This paper outlines an approach for studying operators on stratified spaces \(M \in \mathfrak {M}_k\) with regular singularities of higher order k. Smoothness corresponds to \(k=0.\) Manifolds with smooth boundaries belong to the category \(\mathfrak {M}_1.\) The case \(k=1\) generally indicates conical or edge singularities. Boutet de Monvel’s algebra of boundary value problems (BVPs) with the transmission property at the boundary may be interpreted as a special singular operator calculus for \(k=1.\) Also, BVPs A with violated transmission properties belong to edge calculus and are controlled by pairs \(\{\sigma _j(A)\}_{ j=0,1},\) consisting of interior and boundary symbols. Singularities of \(M \in \mathfrak {M}_k\) for higher order k give rise to a sequence of strata \(s(M)=\{s_j(M) \}_{ j=0,\ldots ,k},\) where \(s_j(M)\in \mathfrak {M}_0.\) Operators A in corresponding algebras of operators (corner-degenerate in stretched variables) are determined by a hierarchy of symbols \(\sigma (A)=\{\sigma _j(A)\}_{ j=0,\ldots ,k},\) modulo lower order terms.
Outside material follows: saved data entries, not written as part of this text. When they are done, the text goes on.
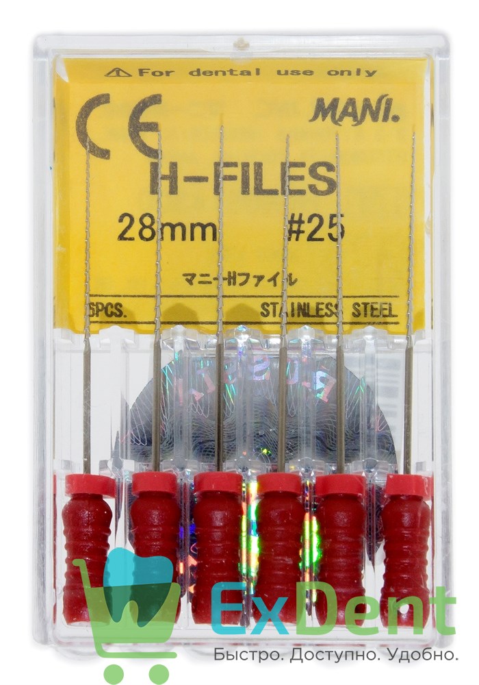H-Files №25, 28 мм, MANI, корневой бурав, ручной (6 шт)
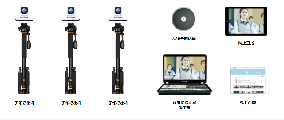 本方案由便攜式錄播一體機、高清攝像機、高保真拾音器及相關配套軟件組成。
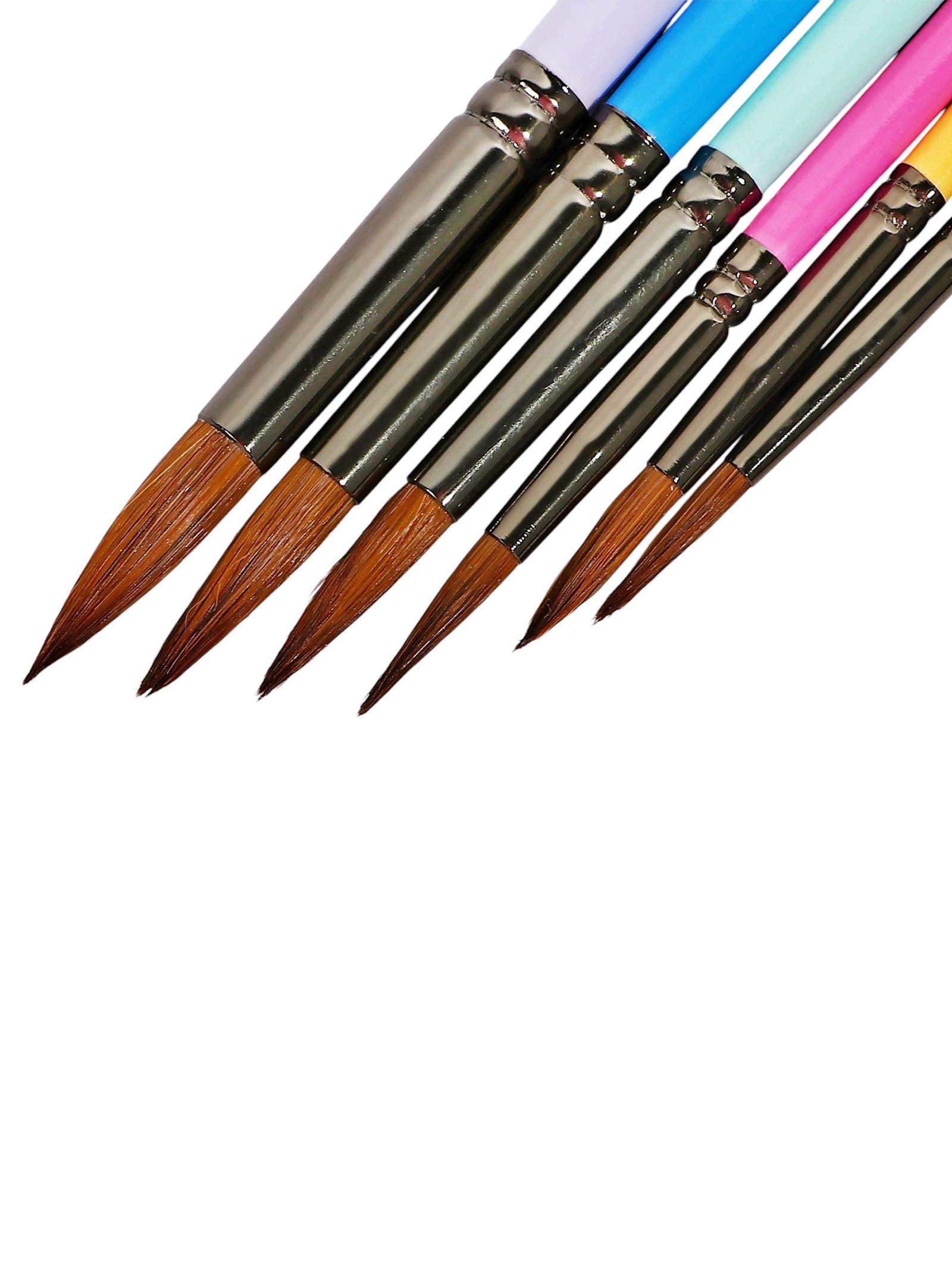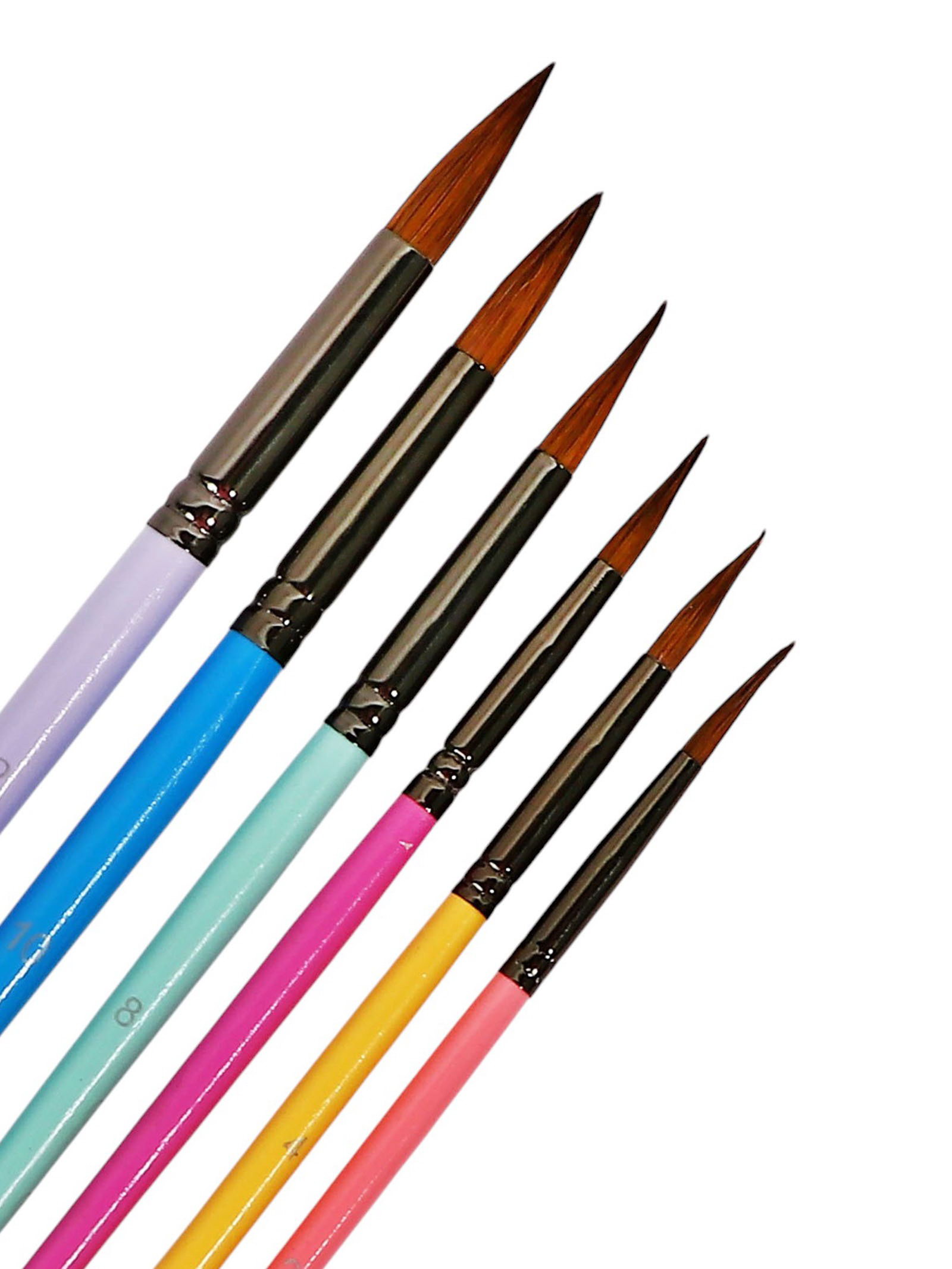 Набор кистей для рисования, пони, 6 штук: № 2, 4, 6, 8, 10, 12, круглые, с цветными ручками, пастель, международный размер, 11x26x1 см., Китай

Those express ellipticity and parametrices \(A^{(-1)}\) in weighted corner Sobolev spaces, containing sequences of real weights \(\gamma _j.\) Components \(\sigma _j(A)\) for \(j>0,\) depending on variables and covariables in \(T^*(s_j(M))\setminus 0,\) act as operator families on infinite straight cones with compact singular links in \(\mathfrak {M}_{j-1},\) and \(\sigma _0(A)\) is the standard principal symbol on \(T^*(s_0(M))\setminus 0.\)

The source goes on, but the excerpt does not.